Unconventional superconductivity


Conventional superconductivity

As Bardeen-Cooper-Schrieffer (BCS) were able to show, is that the electron-phonon interaction mediates superconductivity. In a cartoon picture, a passing light and fast (Fermi velocity vF) electron with its negative charge distorts the lattice of the heavy masses of the positive ions of the lattice. This allows a second electron to feel this distortion, as the lattice distortion disappears only at the speed of sound (vs) and vF>>vs. This leads to an attractive interaction between the electrons which then will from Cooper pairs and undergo a phase transition to superconductivity.

Heavy Fermion superconductors

Let’s use them as an example, and here we look at CeCoIn5. Ce3+ ion in this compounds is magnetic.

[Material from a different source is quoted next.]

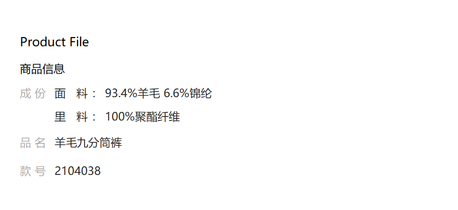 定制—温暖冬日—高级灰绵羊毛九分直筒裤- 显瘦阔腿裤 2104038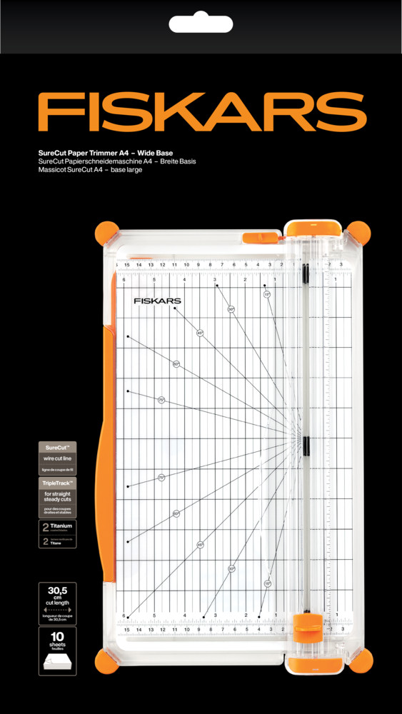 A SureCut A4 Wide Base papírvágó megbízható és praktikus társ minden kreatív alkotó és irodai felhasználó számára. A TripleTrack™ szabadalmaztatott rendszer gondoskodik arról, hogy minden vágás tökéletesen egyenes legyen, a papír ne mozduljon el, és a vágás ne legyen hullámos vagy pontatlan.

Thus if one measures the magnetic susceptibility at high temperatures, one observes this moment and from fitting a Curie-Weiss law, one gets a negative intercept which for a normal magnetic material one would interpret as antiferromagnetic interactions, which give rise to magnetic order. However, unexpectedly, one finds a superconducting phase transition. Now there exists a non-magnetic analogue, LaCoIn5, which has the very same crystal structure and thus most probably the same electron-phonon interactions. Curiously, LaCoIn5 is a normal metal and does not become superconducting. So the magnetic moment on the Ce is an important ingredient for superconductivity. Also, no the huge difference in Sommerfeld coefficient Cm/T between CeCoIn5 and LaCoIn5, which indicates strong electronic correlations, or so-called “heavy” electron masses.

Q-phase

Superconductivity can be destroyed by applying a magnetic field. Normally, for a type-II superconductor such as CeCoIn5 one should observe only two phases: the Meissner phase, where supercurrents completely shield the interior of the superconductor from the magnetic field, at very low fields (very hard to observe in CeCoIn5) and the Abrikosov phase where the magnetic field pierces the superconductors in units of the flux quantum, not unlike when one sticks spaghetti into a slice of hot dog. However, for very high fields and very low temperature, there is an additional phase, the so-called “Q-phase” (the TFFLO line in the graphic), in CeCoIn5.

Inside the Q-phase

careful neutron scattering study on CeCoIn5 single crystals showed, that antiferromagnetic order is present inside the Q-phase. What makes this so unusual is, that the AFM exists just inside the superconducting part of the phase diagram, but is absent in the normal state.